# MXL sizing confusion



## bolo yeung (Jul 14, 2008)

Hi Can some one give some input... 

I think this is a 57cm century geometry frame 

http://cgi.ebay.co.uk/ws/eBayISAPI.dll?ViewItem&item=400132799826&ssPageName=STRK:MEWNX:IT

(Im thinking that the seller has got the top tube length ever so slightly wrong (and is 56.8cm long) As he says seat tube is 56.5 c-c and 58.5 c-t. I've automatically thought that this is a 57cm bot a 58cm ?? but am not entirely sure......


----------



## HigherGround (Mar 3, 2005)

I've only heard of the MX Leader frames being constructed with Century geometry, not Corsa. However, for that price I'd explain your concerns and ask the seller to double check the measurements.


----------



## bolo yeung (Jul 14, 2008)

As it had the 150mm head tube I was convinced it must be a 57cm (c-c) 

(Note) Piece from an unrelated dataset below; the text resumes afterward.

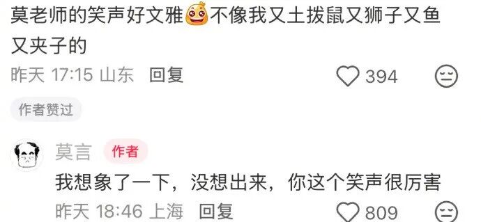 莫言在评论区展现出幽默风趣的一面,有网友大呼:“文人说话就是有意思。”“简直要笑晕在评论区。”

A 56cm has a 140mm head tube what height head tube is a 58cm frame ??


----------



## ctam (Apr 21, 2003)

My 58cm MXL has a 160mm head tube.



bolo yeung said:


> As it had the 150mm head tube I was convinced it must be a 57cm (c-c)
> 
> A 56cm has a 140mm head tube what height head tube is a 58cm frame ??


----------



## bolo yeung (Jul 14, 2008)

thanks.

double checked with seller. apparently all okay and measurements are as a 57cm century geometry frame.... apparently


----------



## bolo yeung (Jul 14, 2008)

Can someone confirm the head tube height on a 59cm and 60cm MX Leader please ? 

Can't be sure but I'm fairly certain the MXL I've recently been offered has custom geometry. Seat tube = 59cm C-C (60cm C-T) Top tube = 57cm C-C, Head tube = 16.8cm tall.


----------